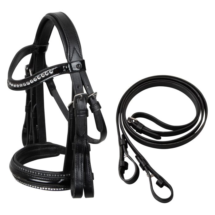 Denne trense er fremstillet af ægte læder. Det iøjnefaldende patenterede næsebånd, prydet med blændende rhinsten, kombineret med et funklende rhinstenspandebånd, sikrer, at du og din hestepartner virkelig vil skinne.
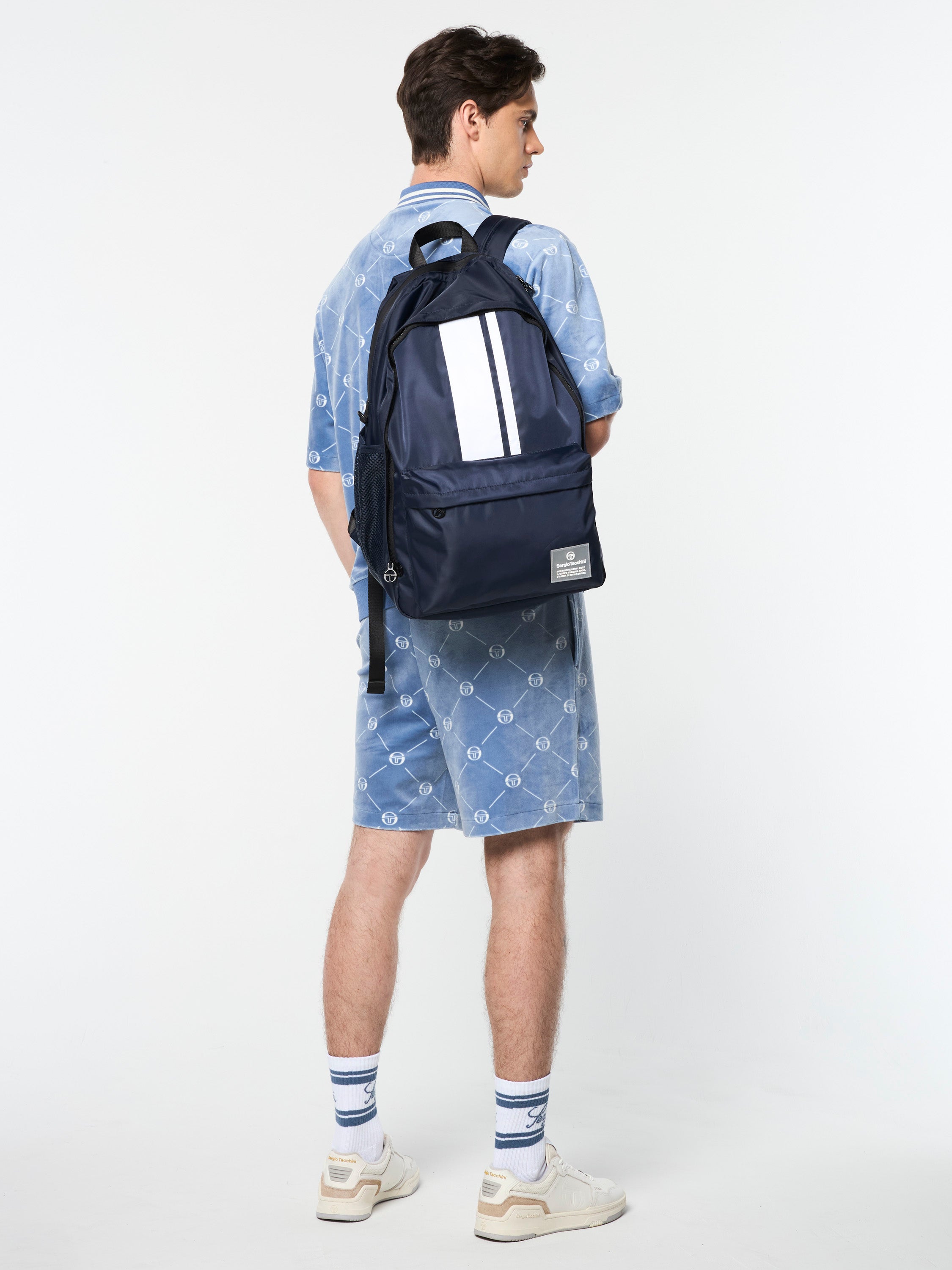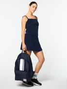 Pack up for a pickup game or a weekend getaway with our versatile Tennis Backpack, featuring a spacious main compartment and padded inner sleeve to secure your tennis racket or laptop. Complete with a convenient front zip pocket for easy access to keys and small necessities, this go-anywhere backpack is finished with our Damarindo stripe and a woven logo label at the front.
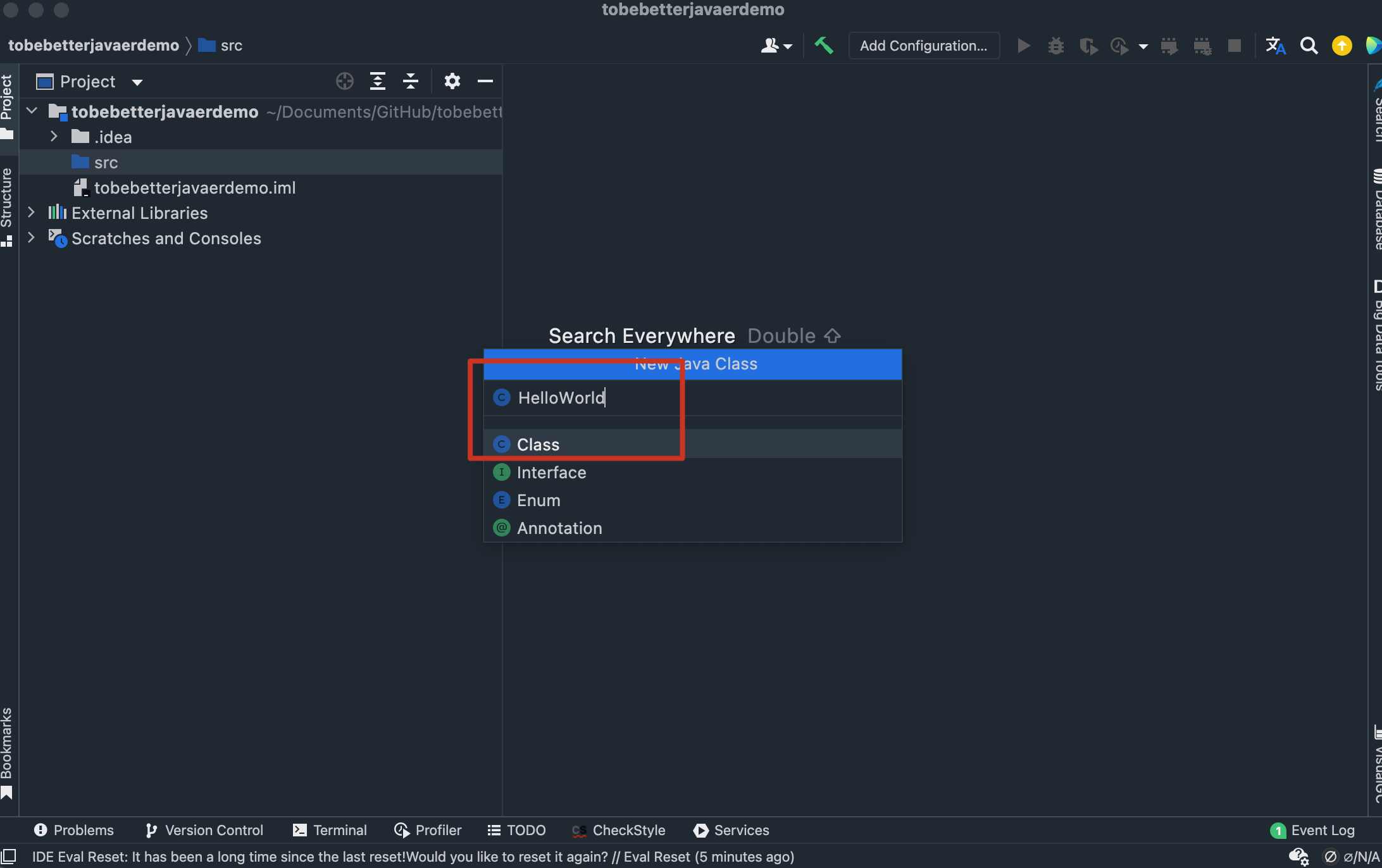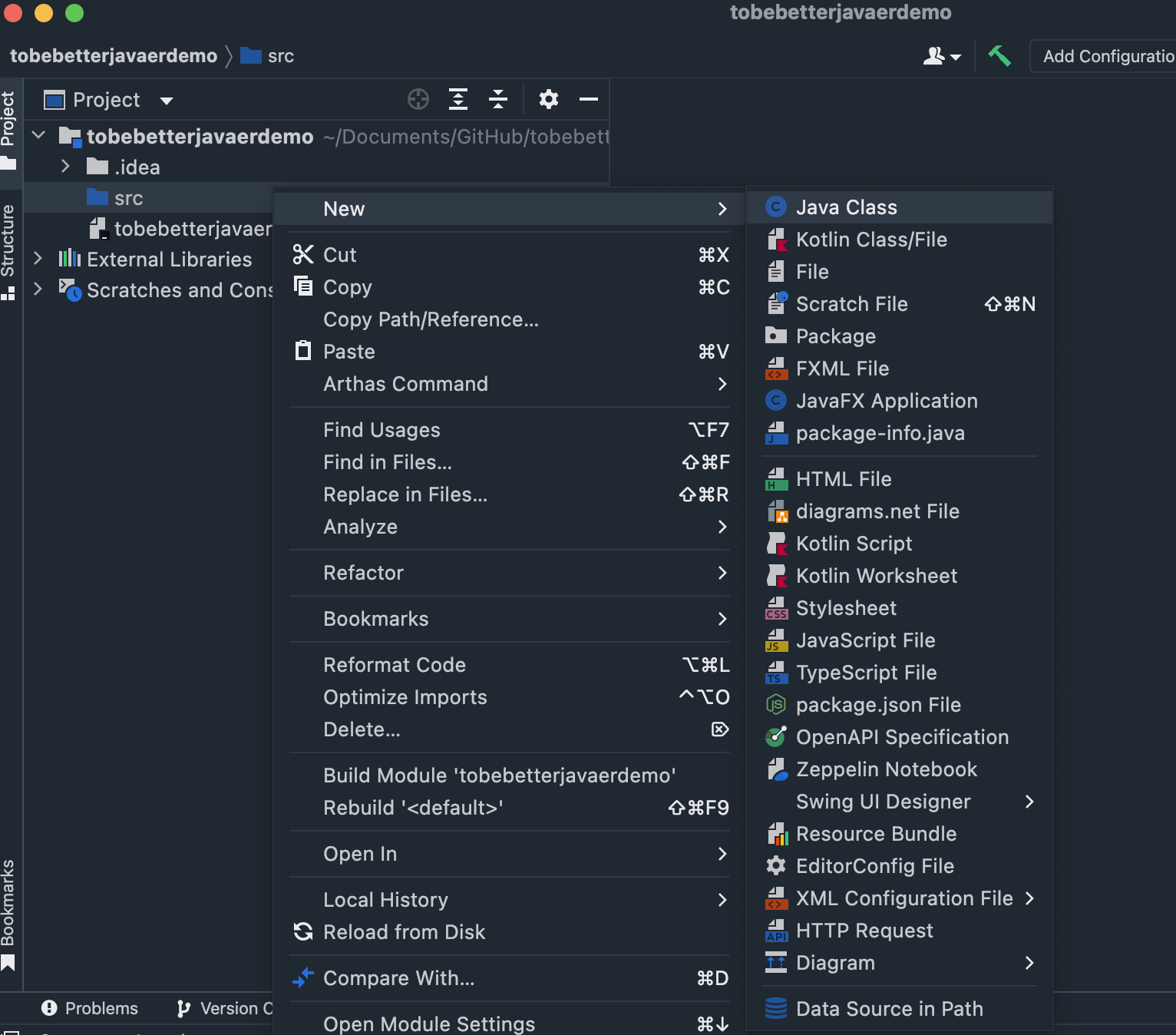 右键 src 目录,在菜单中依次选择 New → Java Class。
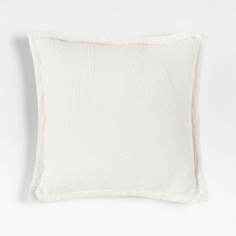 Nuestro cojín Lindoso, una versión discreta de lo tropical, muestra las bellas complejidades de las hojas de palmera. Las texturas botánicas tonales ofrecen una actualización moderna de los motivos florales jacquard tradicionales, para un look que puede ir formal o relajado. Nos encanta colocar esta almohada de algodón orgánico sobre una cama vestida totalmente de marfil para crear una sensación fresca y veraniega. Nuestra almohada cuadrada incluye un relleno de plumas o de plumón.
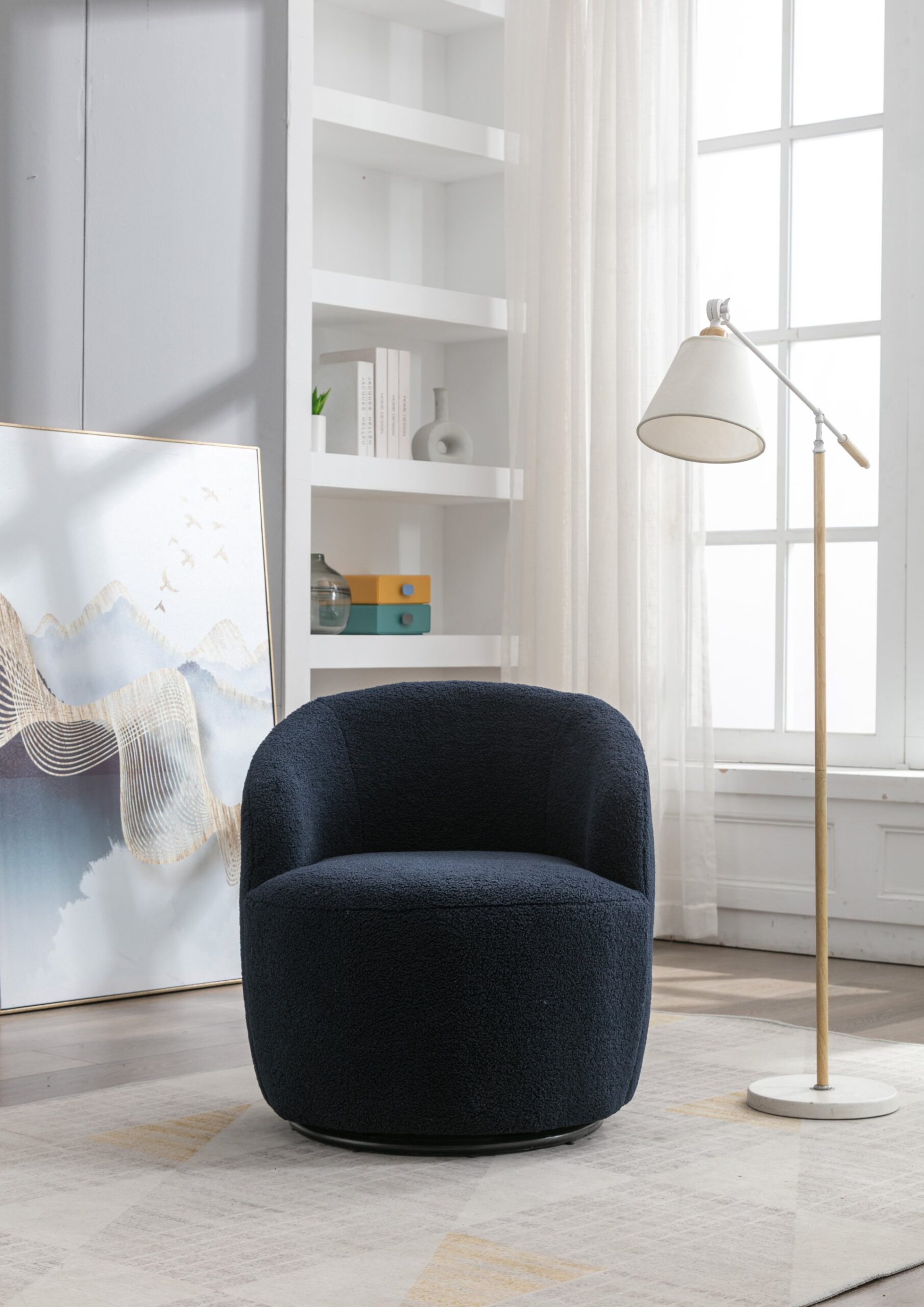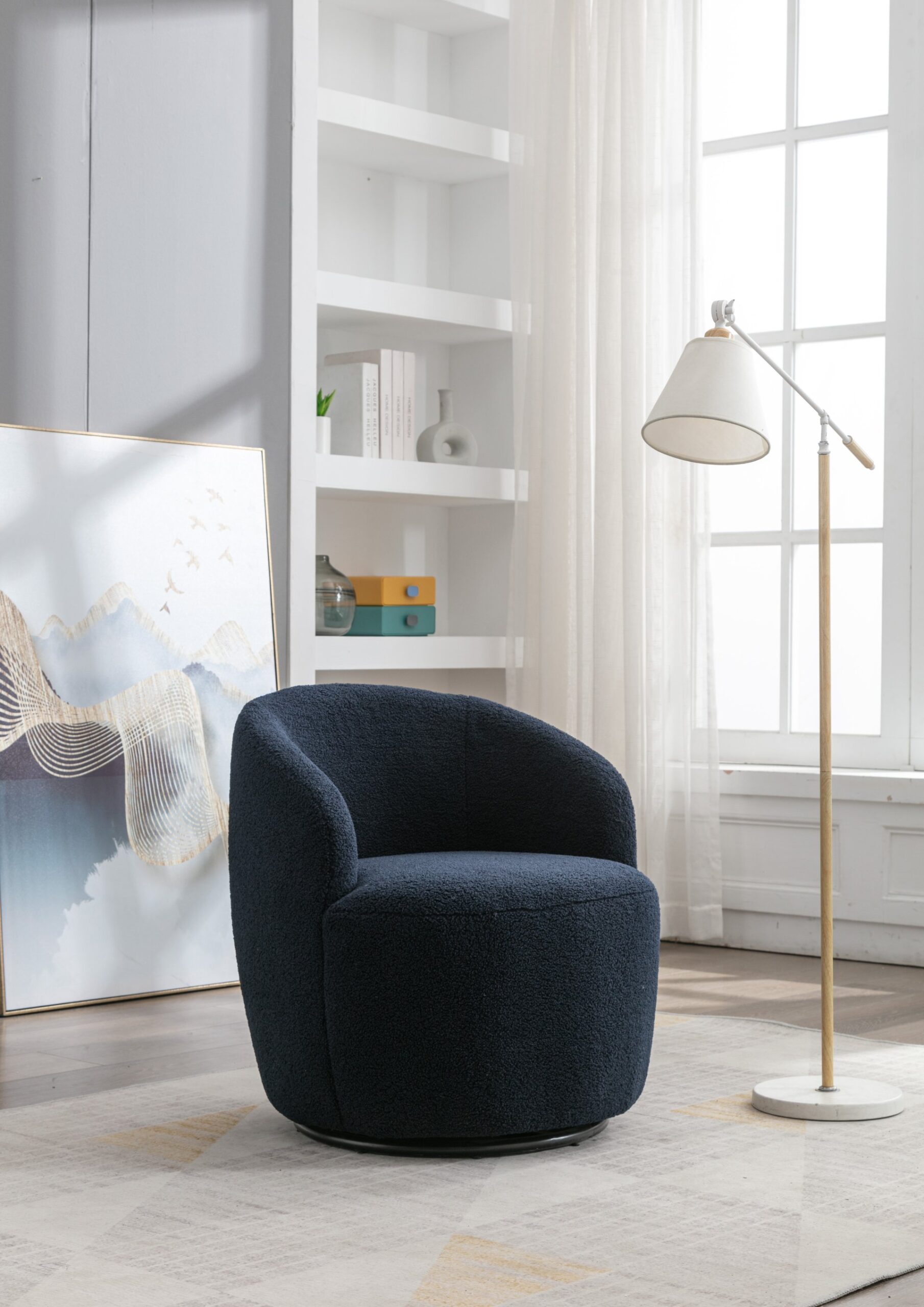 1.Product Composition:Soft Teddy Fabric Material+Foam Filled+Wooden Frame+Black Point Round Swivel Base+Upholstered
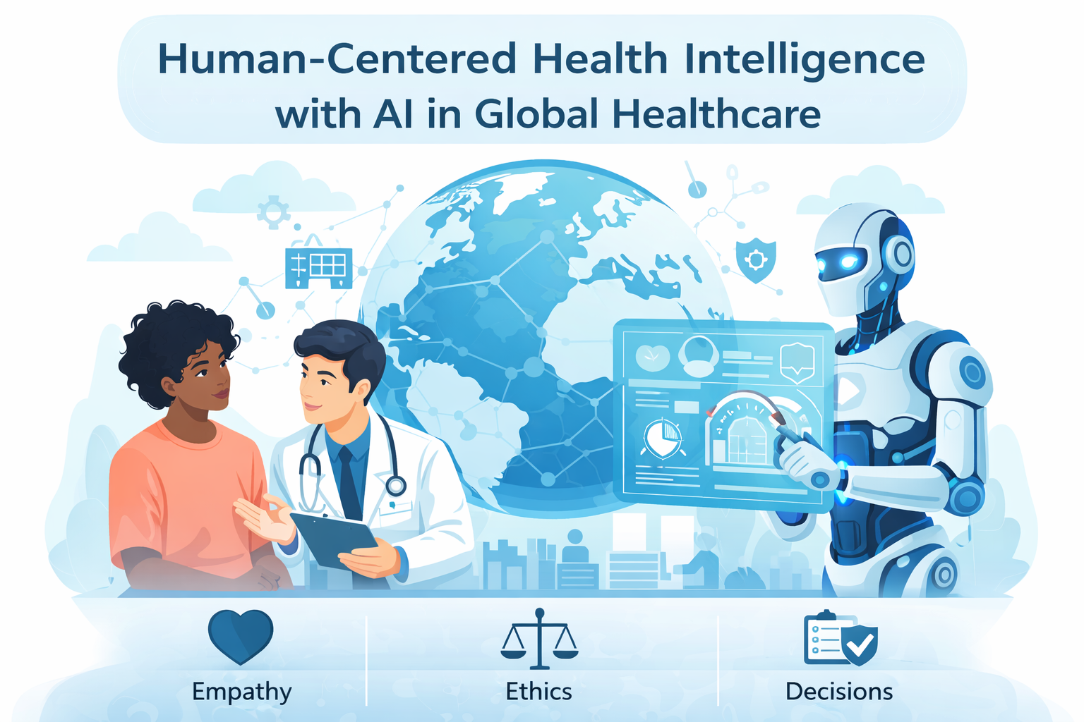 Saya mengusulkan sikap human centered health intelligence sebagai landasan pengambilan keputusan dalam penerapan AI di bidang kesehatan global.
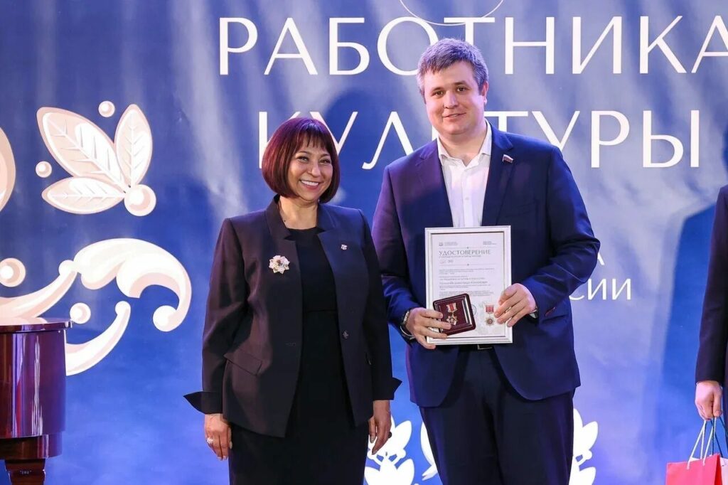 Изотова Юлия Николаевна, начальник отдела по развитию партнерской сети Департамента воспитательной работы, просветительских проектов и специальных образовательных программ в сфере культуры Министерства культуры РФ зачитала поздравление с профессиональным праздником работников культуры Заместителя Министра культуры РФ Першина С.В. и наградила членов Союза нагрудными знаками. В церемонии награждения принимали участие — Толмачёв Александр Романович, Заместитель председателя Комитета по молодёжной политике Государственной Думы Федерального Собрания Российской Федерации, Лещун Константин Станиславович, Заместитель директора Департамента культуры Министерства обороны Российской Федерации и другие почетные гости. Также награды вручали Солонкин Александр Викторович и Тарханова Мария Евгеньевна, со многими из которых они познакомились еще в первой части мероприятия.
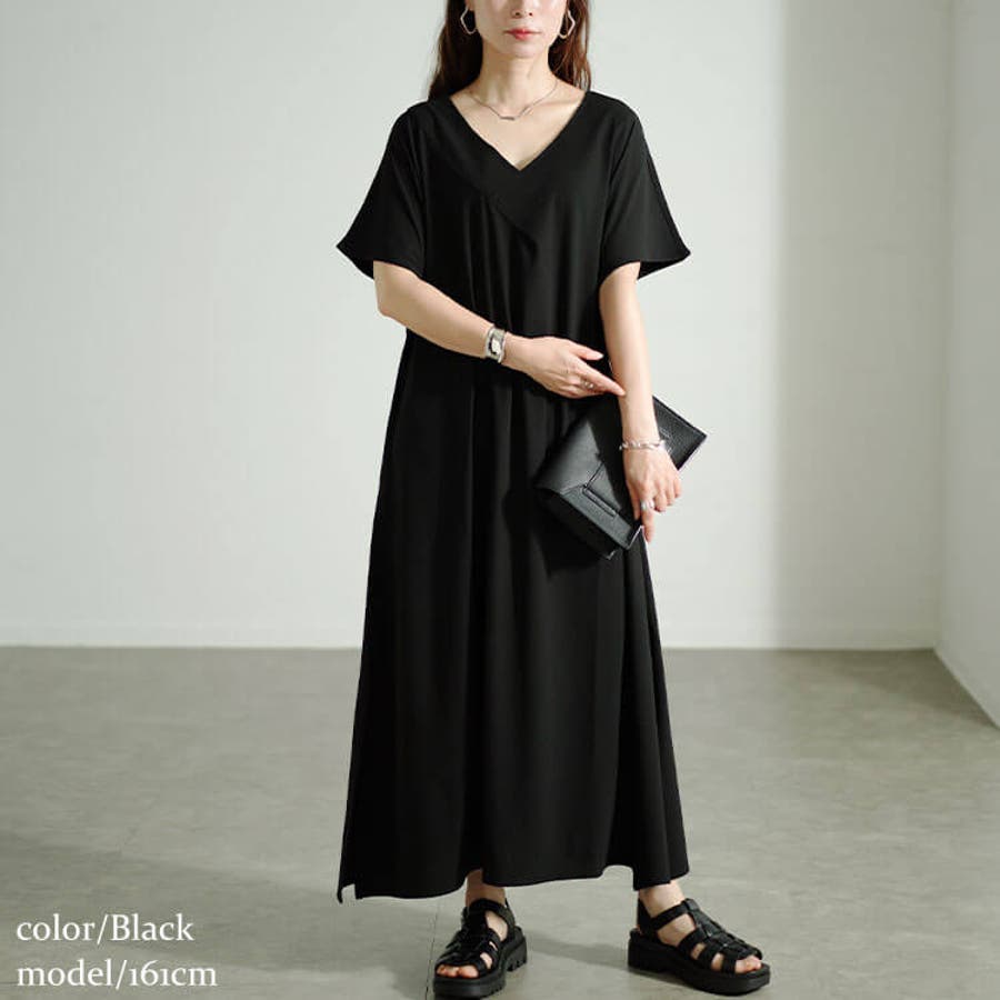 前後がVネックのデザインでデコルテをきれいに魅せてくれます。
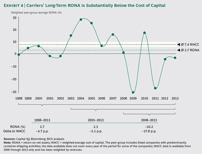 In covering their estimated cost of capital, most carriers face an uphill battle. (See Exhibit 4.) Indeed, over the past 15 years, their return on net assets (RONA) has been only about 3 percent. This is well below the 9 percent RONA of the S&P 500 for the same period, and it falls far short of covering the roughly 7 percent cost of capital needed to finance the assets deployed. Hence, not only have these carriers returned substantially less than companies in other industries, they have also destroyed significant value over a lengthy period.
================
Work instruction »
Without the pictures, output the full listing exactly as it stands.

Result »
 Denne trense er fremstillet af ægte læder. Det iøjnefaldende patenterede næsebånd, prydet med blændende rhinsten, kombineret med et funklende rhinstenspandebånd, sikrer, at du og din hestepartner virkelig vil skinne.
 Pack up for a pickup game or a weekend getaway with our versatile Tennis Backpack, featuring a spacious main compartment and padded inner sleeve to secure your tennis racket or laptop. Complete with a convenient front zip pocket for easy access to keys and small necessities, this go-anywhere backpack is finished with our Damarindo stripe and a woven logo label at the front.
 右键 src 目录,在菜单中依次选择 New → Java Class。
 Nuestro cojín Lindoso, una versión discreta de lo tropical, muestra las bellas complejidades de las hojas de palmera. Las texturas botánicas tonales ofrecen una actualización moderna de los motivos florales jacquard tradicionales, para un look que puede ir formal o relajado. Nos encanta colocar esta almohada de algodón orgánico sobre una cama vestida totalmente de marfil para crear una sensación fresca y veraniega. Nuestra almohada cuadrada incluye un relleno de plumas o de plumón.
 1.Product Composition:Soft Teddy Fabric Material+Foam Filled+Wooden Frame+Black Point Round Swivel Base+Upholstered
 Saya mengusulkan sikap human centered health intelligence sebagai landasan pengambilan keputusan dalam penerapan AI di bidang kesehatan global.
 Изотова Юлия Николаевна, начальник отдела по развитию партнерской сети Департамента воспитательной работы, просветительских проектов и специальных образовательных программ в сфере культуры Министерства культуры РФ зачитала поздравление с профессиональным праздником работников культуры Заместителя Министра культуры РФ Першина С.В. и наградила членов Союза нагрудными знаками. В церемонии награждения принимали участие — Толмачёв Александр Романович, Заместитель председателя Комитета по молодёжной политике Государственной Думы Федерального Собрания Российской Федерации, Лещун Константин Станиславович, Заместитель директора Департамента культуры Министерства обороны Российской Федерации и другие почетные гости. Также награды вручали Солонкин Александр Викторович и Тарханова Мария Евгеньевна, со многими из которых они познакомились еще в первой части мероприятия.
 前後がVネックのデザインでデコルテをきれいに魅せてくれます。
 In covering their estimated cost of capital, most carriers face an uphill battle. (See Exhibit 4.) Indeed, over the past 15 years, their return on net assets (RONA) has been only about 3 percent. This is well below the 9 percent RONA of the S&P 500 for the same period, and it falls far short of covering the roughly 7 percent cost of capital needed to finance the assets deployed. Hence, not only have these carriers returned substantially less than companies in other industries, they have also destroyed significant value over a lengthy period.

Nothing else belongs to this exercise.